C’est ainsi que John Maynard Keynes, économiste britannique, propose une nouvelle approche du libéralisme économique dans sa Théorie générale de l’emploi, de l’intérêt et de la monnaie en 1936. Il y critique ainsi la théorie classique qui guide l’économie depuis des décennies et en particulier le caractère auto-ajusteur des marchés, en particulier celui du travail. Il cherche ainsi à déconstruire l’idée de l’existence du mécanisme d’auto-ajustement des marchés, notamment celui de l’emploi, dans le cadre des « économies monétaires de production ». Pour Keynes, qui parvient à proposer un plan en 1944 lors de la conférence internationale de Bretton-Woods, il s’agit de relancer les économies en stimulant la demande par l’intervention des politiques monétaires et budgétaires d’un État interventionniste.

Toutefois, la théorie économique dans les années 1930 n’est pas uniquement marquée par l’essor de la « Théorie général » et de la pensée keynésienne. En effet, avec la publication de l’ouvrage The Good Society (1937) par Walter Lippmann d’une part, et la fondation de la Société du Mont-Pèlerin en 1947 d’autre part, une pensée économique émerge dans le but de réorganiser le libéralisme économique mis à mal par les travaux et le consensus keynésien. Mais la controverse devient flagrante dans les années 1970, au vu de l’inefficacité des politiques de relance prônées et repensées par les successeurs de Keynes à endiguer la crise économique mondiale liée au Premier Choc pétrolier. Le monétarisme puis la Nouvelle école classique proposent alors un débat sur l’efficacité de la politique monétaire et sur la façon de lier et d’analyser l’arbitrage inflation-chômage.

 

Aux origines de la controverse : une courbe et son interprétation.

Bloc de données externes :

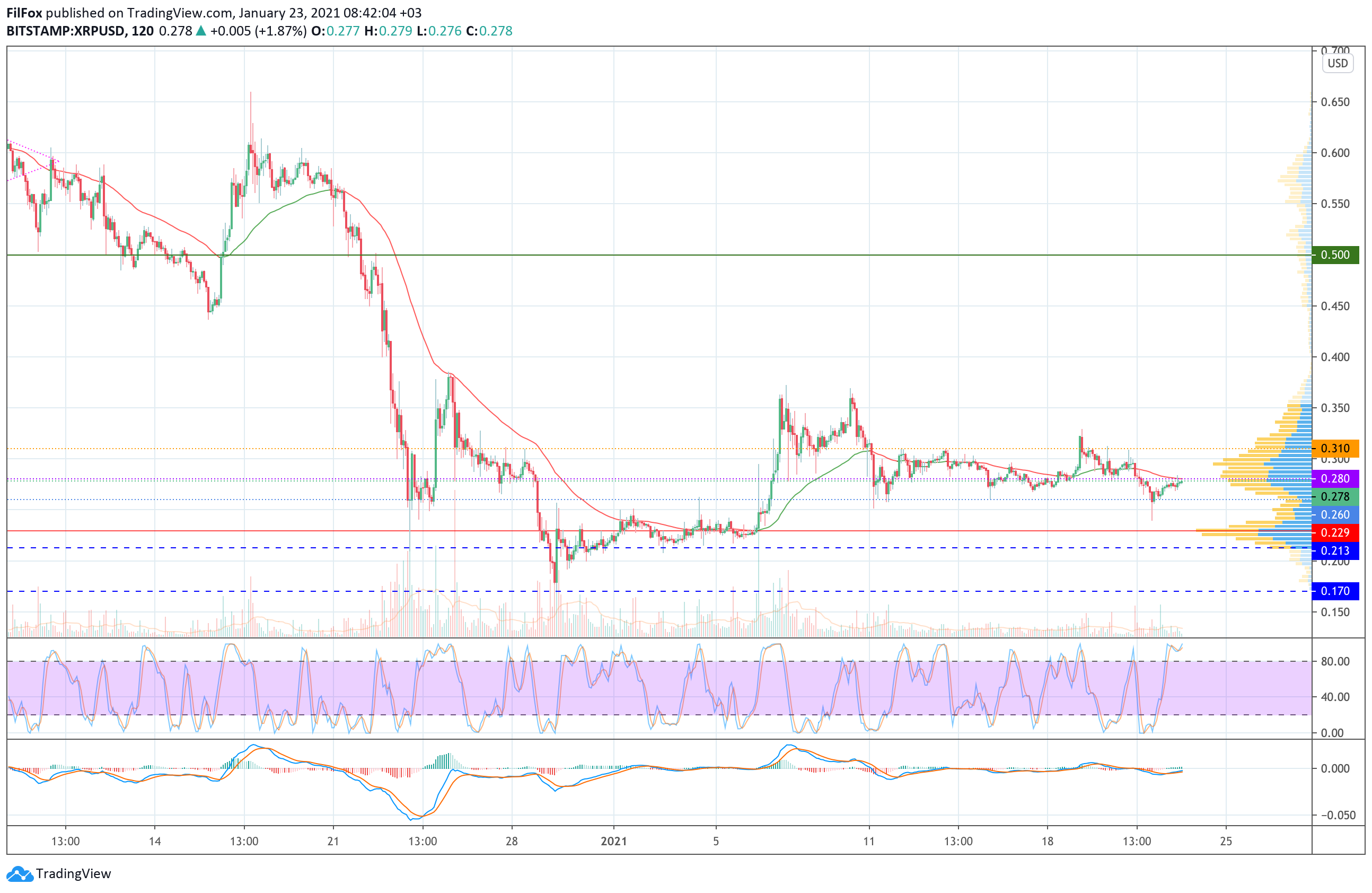 На выходных покупатели продолжат попытки восстановить пару выше уровня средних цен. Если они преодолеют сопротивление двухчасовой EMA55, то восстановление продолжится к верхней границе бокового коридора 0.310 USD. В противном случае - атака медведей приведёт к падению цены ниже линии POC (0.229 USD).

Une des premières critiques qui porte cette « contre-révolution keynésienne » est la remise en cause de l’interprétation par les héritiers de Keynes de la relation de Philips et de sa représentation graphique sous la forme d’une courbe. Pour résumer, l’économiste néo-zélandais Alban William Philips cherche en 1958 à expliquer la variation des salaires et, par des observations sur la période 1861-1957, montre qu’il existe une relation statistique entre taux de chômage et variation des salaires.

Cette courbe va donc logiquement faire l’objet d’un intérêt pour les économistes keynésiens, qui voient là un moyen de relier le marché de l’emploi à une politiques budgétaires. Robert Solow et Paul Samuelson expliquent ainsi qu’il existe un point de la courbe où un certain taux de chômage est tel que la variation des salaires et nulle et donc le niveau de l’inflation également (ils prennent en compte la relation entre la variation des salaires et la variation des prix). Ils vont ainsi estimer que le chômage peut être réduit si les politiques monétaires permettent d’augmenter davantage le niveau d’inflation. Il s’agit du compromis keynésien qui prévoit ainsi qu’en temps de grande productivité économique, une politique inflationniste peut influer sur le marché du travail.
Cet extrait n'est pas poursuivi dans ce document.